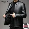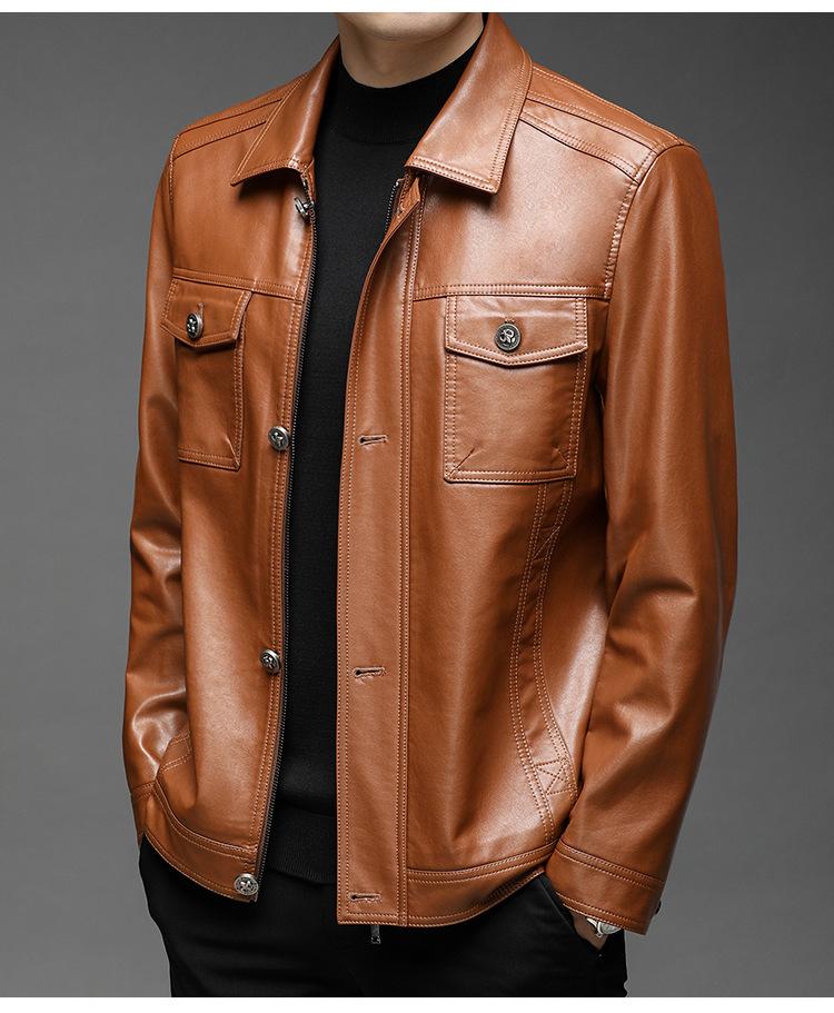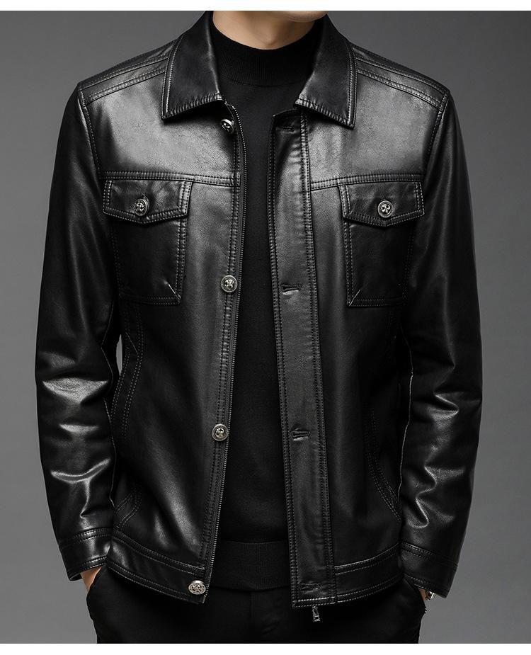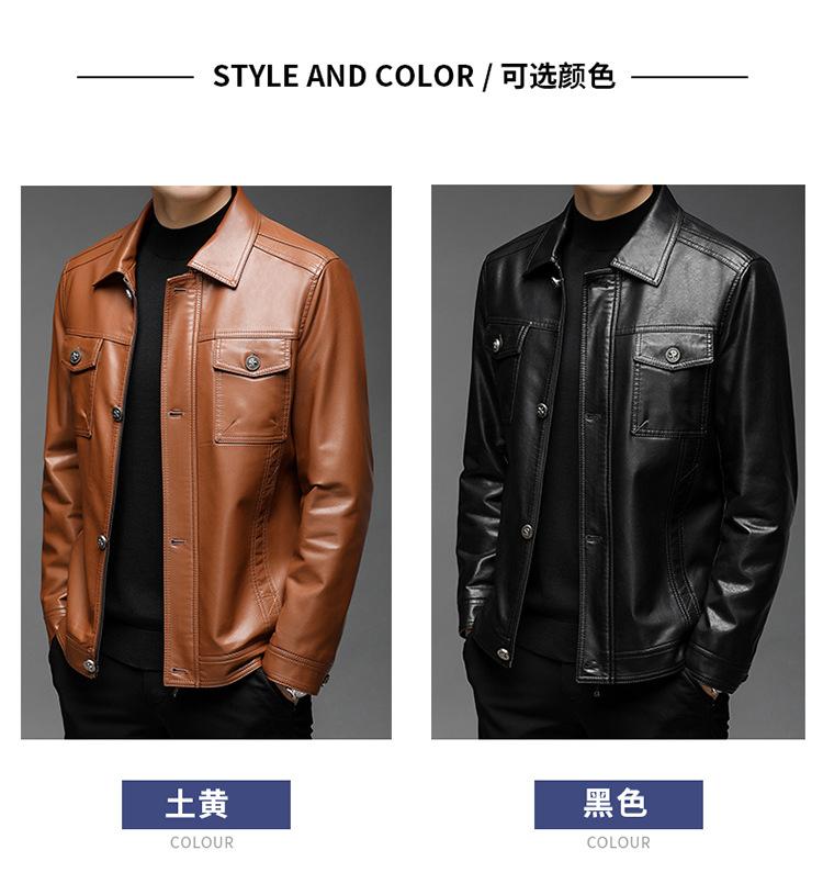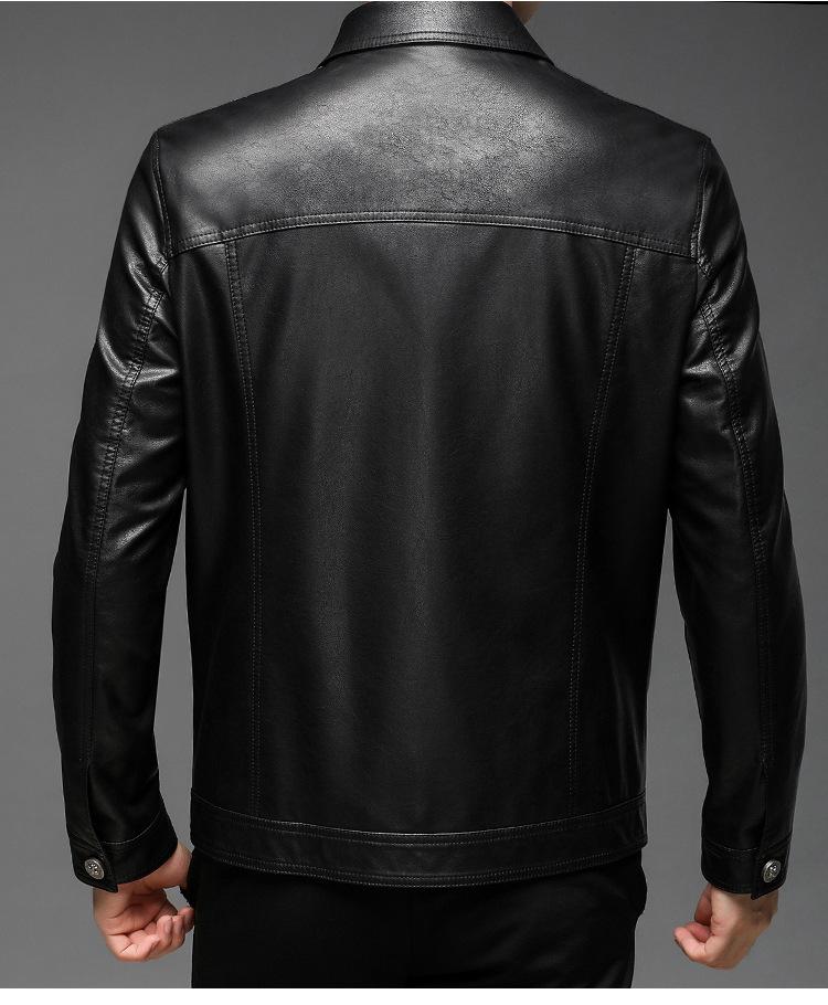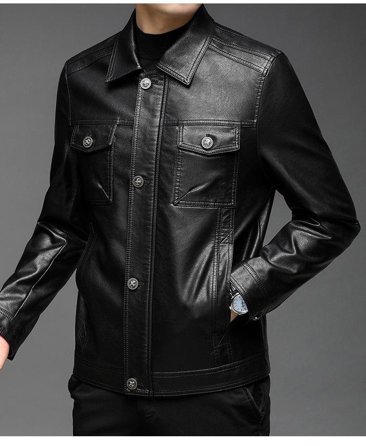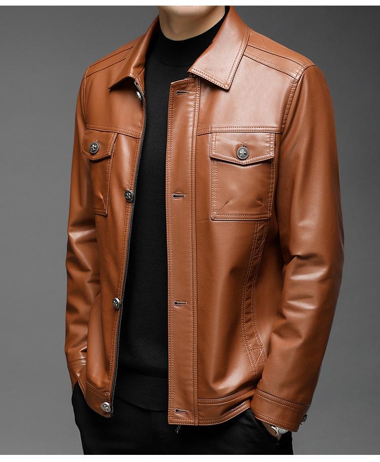 Chaqueta de cuero de solapa corta entallada para hombre, nueva ropa de cuero Haining de otoño e invierno, forrada con vellón, chaqueta de cuero PU para jóvenes.
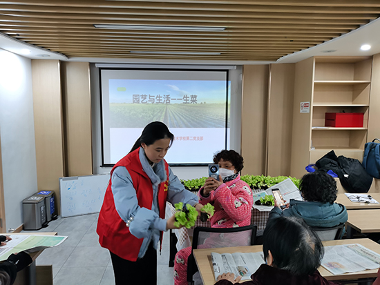 1月22日,湖州農校黨總支第一黨支部的楊勇老師、第二黨支部的徐婷婷老師來到湖州市星匯半島社區幸福鄰里中心,為社區居民開展《生菜栽培》的公益培訓活動。楊老師從生菜的生長習性、種苗繁育、生產應用、家庭園藝四個方面進行闡述,結合種苗盆栽,一一解答學員提出的日常實際問題,并傳授了一些種植小竅門。生菜諧音“生財”,楊老師和徐老師將湖州農?;嘏嘤纳朔N苗贈送給居民學員,祝福學員“新年生財”。
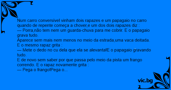 Num carro conversível vinham dois rapazes e um papagaio no carro quando de repente começa a chover,e um dos dois rapazes diz :
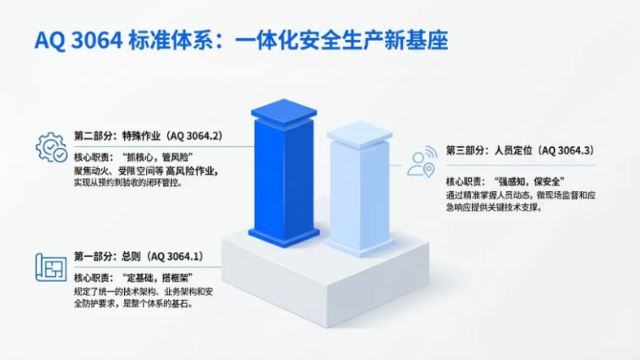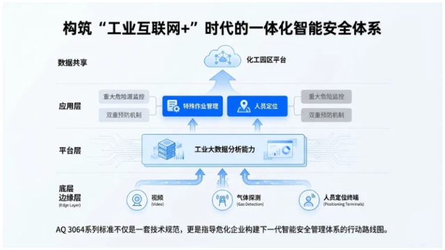 传统危化安全生产模式长期面临信息孤岛、流程繁琐、依赖人防、风险滞后等痛点,安全管理效率与精准度难以满足行业高质量发展需求。AQ 3064系列标准的出台,从总则、特殊作业、人员定位三大核心维度搭建起一体化安全生产新基座,为行业变革提供了明确的技术与业务框架。
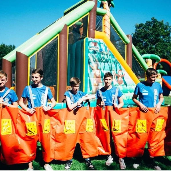 De loopbroek van 6 personen is in te zetten op verschillende manieren in een zeskamp of sportdag. Haal zo snel mogelijk de finishlijn, of loop een parcour met obstakels. Het huren van een 6 persoons broek blijft een succes! Kijk ook eens bij de zeskamp spelkussens.
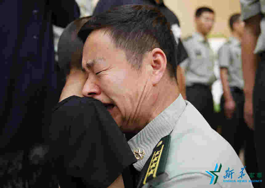 7月21日,在遗体告别仪式上,杨树朋生前战友拥抱5岁的杨一鸣。当日上午,维和烈士李磊、杨树朋遗体告别仪式上,杨树朋5岁的儿子杨一鸣仰着头,向每一个来为爸爸送别的伯伯、叔叔、阿姨问好。新华社记者殷刚摄
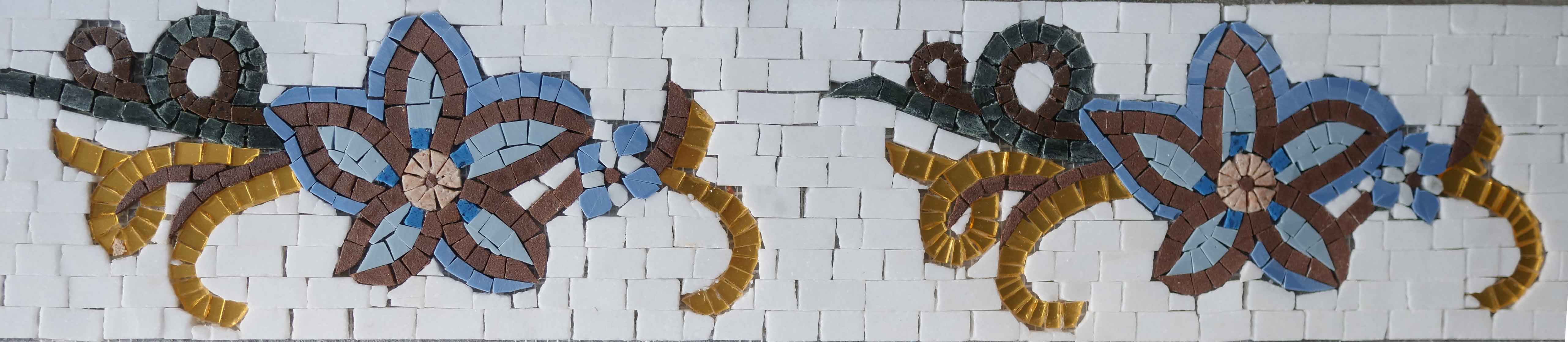 Imagine walking into a room adorned with this captivating mosaic border; the delicate posy flowers create a warm and inviting atmosphere, while the shimmering gold accents catch the light, creating a mesmerizing effect. Whether you’re looking to enhance your living room, bedroom, or any other space, this border is versatile enough to complement a variety of interior styles, from modern to classic.
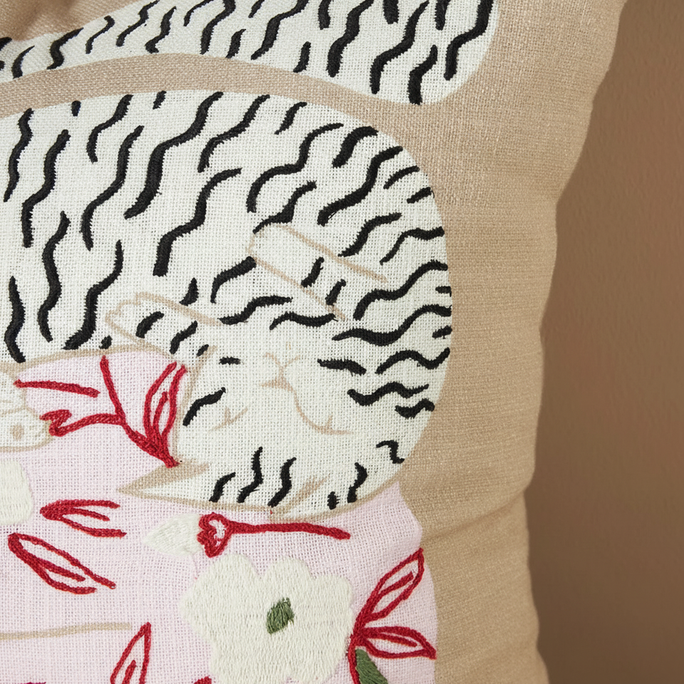 ปลอกหมอนลายทางผ้าฝ้ายโบฮีเมียน,ปลอกเบาะสีขาวและสีดำทอมือพร้อมพู่
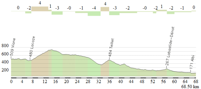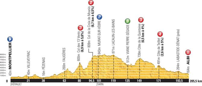 En vísperas de la etapas pirenaicas, jornada de media montaña con llegada en Albi, en el departamente de Tarn, con un trazado exigente en su parte central al incluir los puertos de 13 Vents, con 4 km finales al 6,3%, y Croix de Mounis, irregular pero con varios km enteros al 8-9%, teniendo que superar en el tercio final las tendidas cotas de Quintaine y Teillet, aunque de todos modos están muy lejos de meta, con 25 km finales prácticamente llanos.
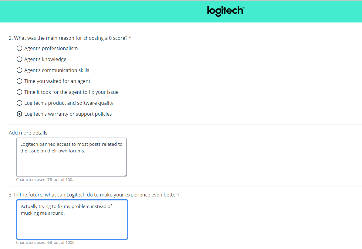 It's sad to see a really useful company like Logitech fall into the hands of idiots. I understand that perfection is hard to achieve but pretending your products have no flaws and making no effort to fix them is NOT the way forward. I will be thinking twice about buying your products in the future and if it weren't for the fact that there is almost no competition I would have consigned you to the bin already. This is a sad business all round. ![]()
════════════════
* EXERCISE AIM
Your answer must be the exact lines of the records from the first one through the line containing "传统危化安全生产模式长期面临", with no pictures in it.

* RESPONSE
 Chaqueta de cuero de solapa corta entallada para hombre, nueva ropa de cuero Haining de otoño e invierno, forrada con vellón, chaqueta de cuero PU para jóvenes.
 1月22日,湖州農校黨總支第一黨支部的楊勇老師、第二黨支部的徐婷婷老師來到湖州市星匯半島社區幸福鄰里中心,為社區居民開展《生菜栽培》的公益培訓活動。楊老師從生菜的生長習性、種苗繁育、生產應用、家庭園藝四個方面進行闡述,結合種苗盆栽,一一解答學員提出的日常實際問題,并傳授了一些種植小竅門。生菜諧音“生財”,楊老師和徐老師將湖州農?;嘏嘤纳朔N苗贈送給居民學員,祝福學員“新年生財”。
 Num carro conversível vinham dois rapazes e um papagaio no carro quando de repente começa a chover,e um dos dois rapazes diz :
 传统危化安全生产模式长期面临信息孤岛、流程繁琐、依赖人防、风险滞后等痛点,安全管理效率与精准度难以满足行业高质量发展需求。AQ 3064系列标准的出台,从总则、特殊作业、人员定位三大核心维度搭建起一体化安全生产新基座,为行业变革提供了明确的技术与业务框架。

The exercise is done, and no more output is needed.